DEA budget: $2.4 billion annually.


My high school in a not-wealthy part of Alabama had a dozen of them in their chemistry lab 15 years ago. Can't be that expensive...


A dozen of them? Are you sure they aren't gas chromatographers?

I worked in a well funded private lab and we didn't have "a dozen" of them.


Significantly depends on what kind of MS we are talking. Single quad can be had for well under $100k. Top of the line Orbitrap is ~$1.2 million. Depending on the analytical constraints, I think you could get by with a mid-range triple quad for $200-300k. Although, if you need to do exploratory work, I think everyone should just buy a QE as it is a solid workhorse that can fit most any role.
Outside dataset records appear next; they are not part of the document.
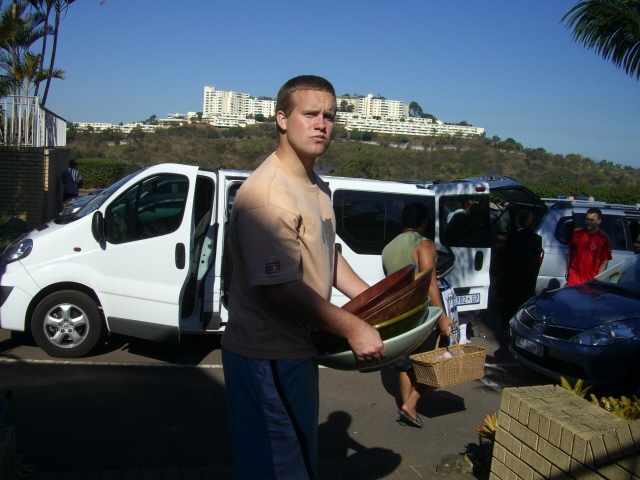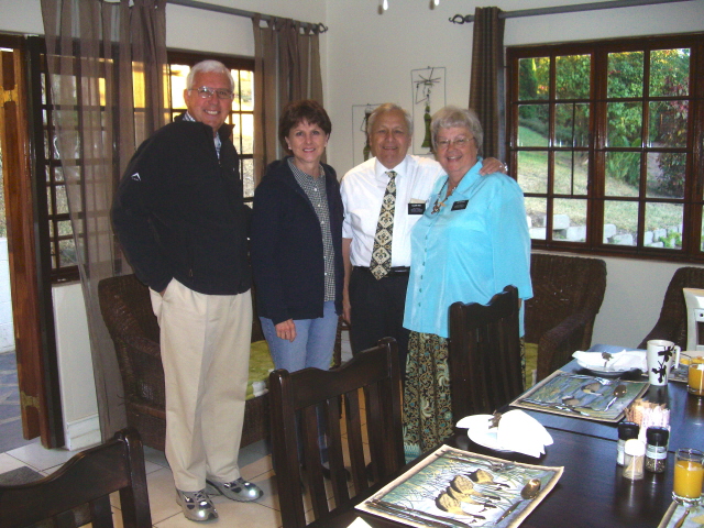 Slept well but again woke too early. We got busy and packed our bags and I took most things out to the car before we ate breakfast.  Since we needed to be at the Pinetown chapel by 8:00 we asked to have breakfast earlier then yesterday. The owner – Bronwyn – was more than accommodating and we all enjoyed another nice breakfast together. We had our picture taken with the Wells – they were leaving for Swaziland today – and then hurried off to the conference.
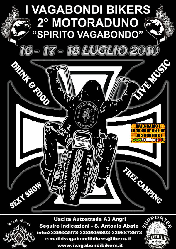 I VAGABONDI BIKERS presentano 2° Motoraduno "Spirito Vagabondo" che si terrà a Sant'Antonio Abate (NA) all'insegna del "Rispetto, Amicizia, Fratellanza" che accomuna noi bikers. Food & Drink,Bike Show,Free Camping, ottima birra Black Seven. Domenica 18 Run sui Monti Lattari che terminerà con Pranzo all'Hotel Rist Elisabetta di Lettere(NA), x il pranzo sono gradite prenotazioni almeno una settimana prima dell'evento.
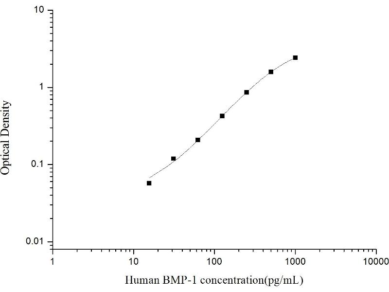 Intra-assay Precision (Precision within an assay): 3 samples with low, mid range and high level Human BMP-1 were tested 20 times on one plate, respectively. Inter-assay Precision (Precision between assays): 3 samples with low, mid range and high level Human BMP-1 were tested on 3 different plates, 20 replicates in each plate. Both intra-CV and inter-CV are < 10 %.
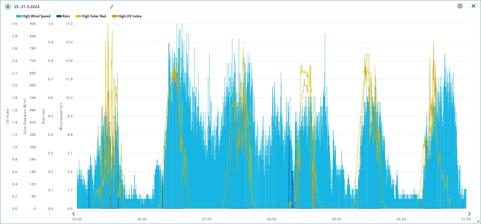 25.-31.3. vítr, srážky, sluneční záření, UVI
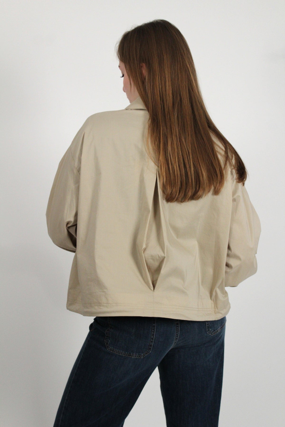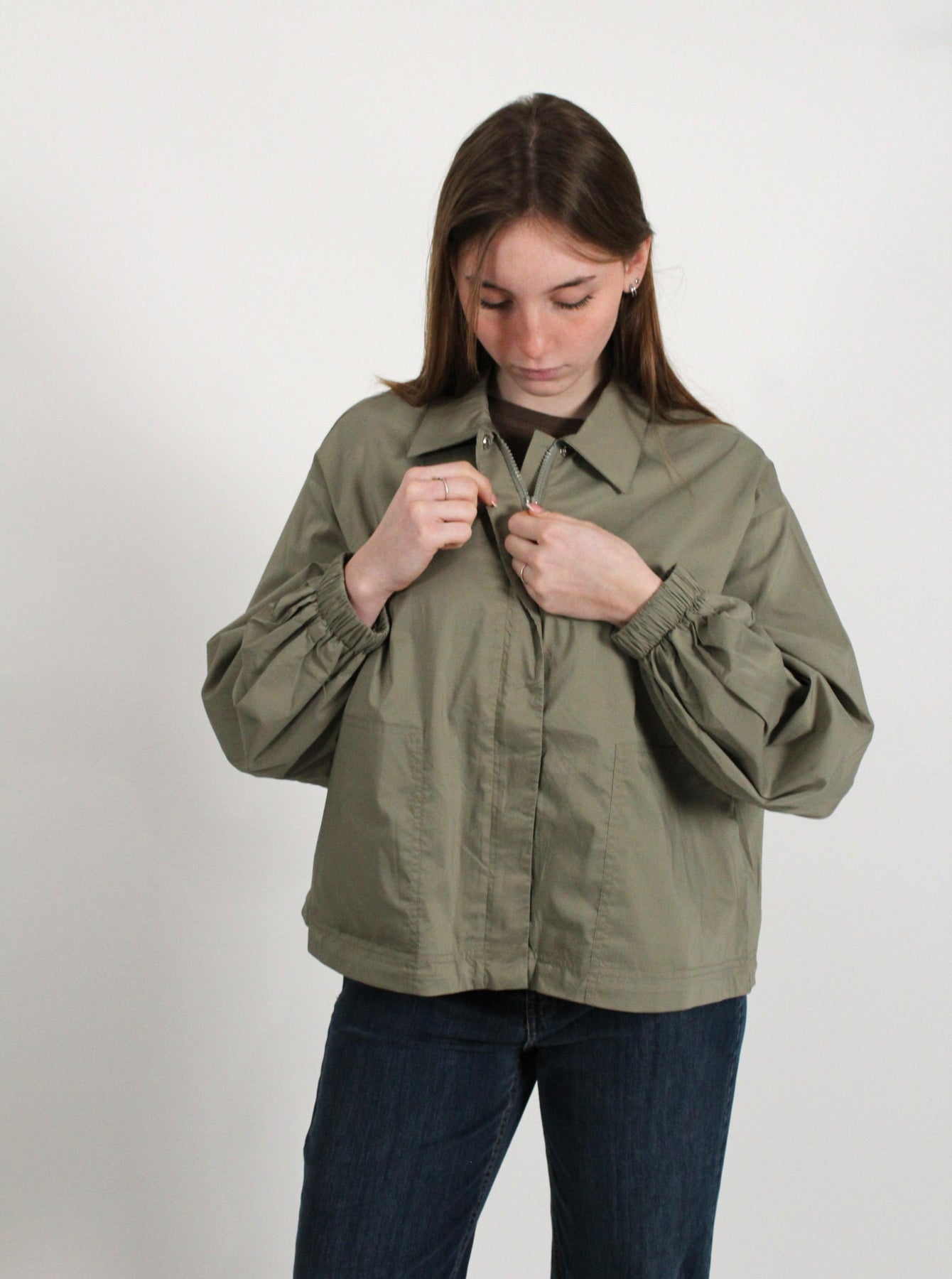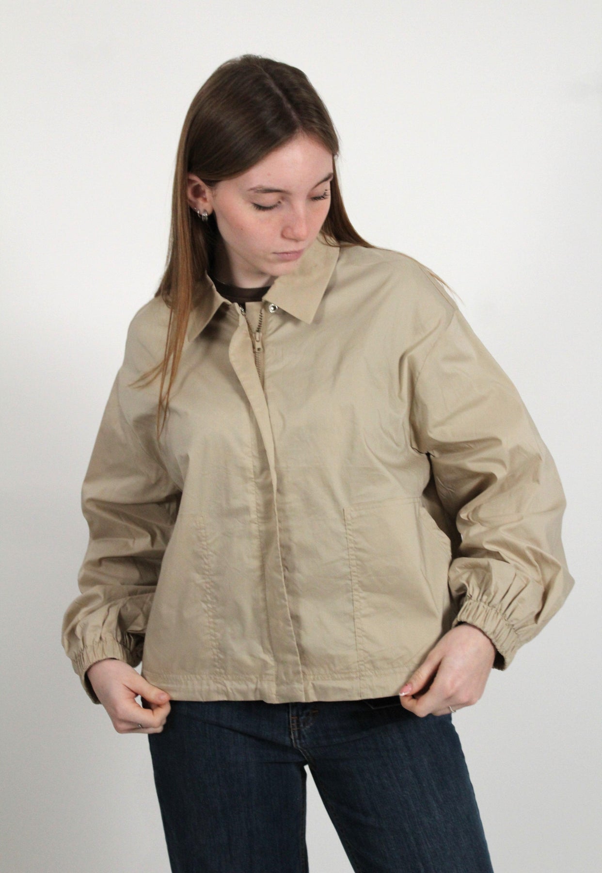 Il colletto classico, la chiusura con zip e bottoni automatici e i polsini elasticizzati completano il look, rendendola ideale per outfit casual e urban.
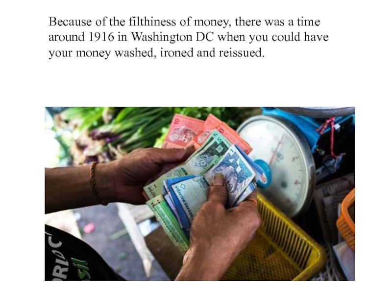 Because of the filthiness of money, there was a time around 1916 in Washington DC when you
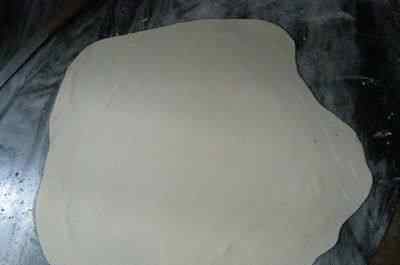 9 把面团擀开擀薄。

When a lot of that equipment gets aged out from industrial uses it will be given to universities in still-working order. Biotechs going bust can also be a boon to the second-hand market where state of the art equipment can be had for a song. I know one lab which acquired a piece of equipment that had been used in a background shot of a Jurassic Park movie.


I mean sure, but does it makes sense that a high school would have $1-2M worth of mass spectrometers?

Keep in mind there is significant expense in their upkeep as well.

That's why I guessed they were probably gas chromatographers with wavelength or FID detectors. Those are pretty cheap (gas source, injector and column).


You're probably right. I vaguely remember being told they only worked on volatile compounds.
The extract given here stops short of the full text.